Move the provisioner into the tuist chart as templates/kura-fleet-storage.yaml, gated on the same kuraFleet.enabled flag as the fleet itself, and delete the standalone bootstrap manifest. Now the StorageClass ships wherever the fleet that needs it ships — they can’t drift, and a fresh env can’t miss it.

The StorageClass name scw-local-nvme is load-bearing (the scw-fr-par-runners kura region spec provisions PVCs with exactly that name) and is unchanged.

One behavior change worth a look

The bootstrap manifest pinned the provisioner controller to the EM pool with a nodeSelector.

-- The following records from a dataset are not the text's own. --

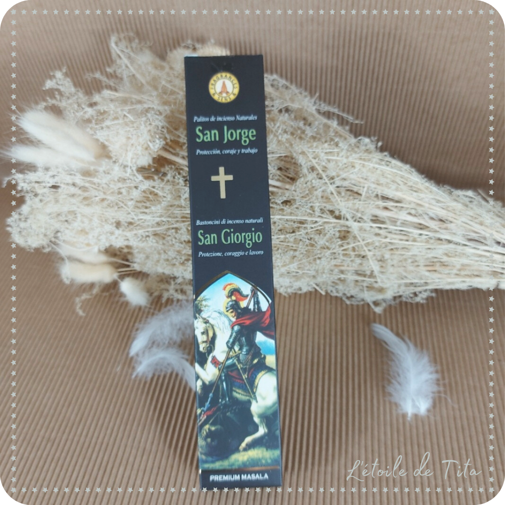 L'encens Saint Georges sera utilisé pour retrouver courage et force face à l'adversité. Les fumigations de l'encens Saint Georges vous permettront de provoquer la passion et le désir sexuel. Protecteur, Saint Georges vous apportera sa bienveillance dans le milieu social et dans votre travail.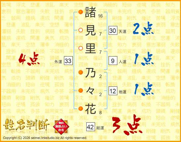 諸見里乃々花さんの外運は33画の4点!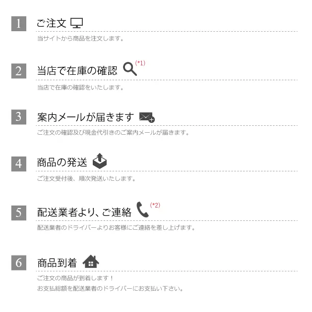 | 【代金引換方法】 ※当店は全商品手数料と送料;無料です。 ※決済方法は、現金のみのお支払(現金代引)になります。 ※ご注文確認画面にて、選択(代金引換 / 代引き)します。詳しくはこちら ※お支払総額は商品をお受取の際に配送のドライバーへお支払下さい。 ※おメールやlineやお電話にてご注文の確認をさせていただく場合がございます。 【代引き到着時間について】 ※代金引換き:(商品発送後)10日-20日間くらいにお宅に到着できます。※特別な場合を除き,遅延する場合がある。※そのときは、わかってください。 ※お時間のご要望がございましたら、銀行振込をご利用下さい。銀行振込は一週間以内にお届け下さい。 【代引きご利用のご注意】 ※ご不在の場合、到着日予定日7日内までにお受け取りが確認出来ない場合、商品の性質上、商品を戻させて頂く場合がございます予めご了承下さい。 ※お電話にてご注文の確認をさせていただく場合がございます。お電話にて確認が取れない場合、自動キャンセルとなりますことを予めご了承下さい。 ※当店での代引き注文は、現金による代引きのみとなっております。(クレジットカード,デビットカードによります代引きはご利用することが出来ません。) ※注文の商品が到着するまで、何の費用も発生しませんので。 ※商品発送後、キャンセルはできませんのでご了承ください!! ※当店は唯一の全额無料代引き店です。※商品到着後、受け取りが拒否された場合。※当店は損失が大きい。※慎重に考えて注文してください。※誠実に対応してください。 ※代引の手続きは煩雑ですが,ご了承ください。※不愉快なことが起こらないようにする。※ご理解ください,よろしくお願いします。 ※一部地域 離島により代引きをご利用いただけない場合がございます。 【配送業者について】 ※お買い上げ総額20万円未満 EMS(国際スピード郵便)代金引換ゆうパック ※お買い上げ総額 20万円以上 佐川急便e-コレクトサービス ※お買い上げ金額によって配送業者が変わります(状況により 配送業者が変更になる場合がございます) 【代引手数料】 ※手数料無料 【お受取までの流れ】 |

I removed that in the chart version: the controller only watches PVCs and launches a helper Pod on the target node (which still tolerates the runner-cache taint), so it doesn’t need to live on the cache node. Pinning it would make the release helm --wait block on the controller being Available whenever the EM node isn’t up yet (e.g. a cold deploy), which is a regression we don’t want. Flagging it explicitly since it diverges from the validated bootstrap.

Validation

  • helm template renders all 7 resources (Namespace, SA, ClusterRole/Binding, Deployment, StorageClass, ConfigMap) when kuraFleet.enabled, and nothing when disabled.
  • Deployment renders with no nodeSelector (unpinned); StorageClass scw-local-nvme present.

Note

This doesn’t retro-fix the live clusters — staging already has the bootstrap applied; production still needs the one-time kubectl apply (or this merged + redeployed) to unstick the currently-Pending cache pod.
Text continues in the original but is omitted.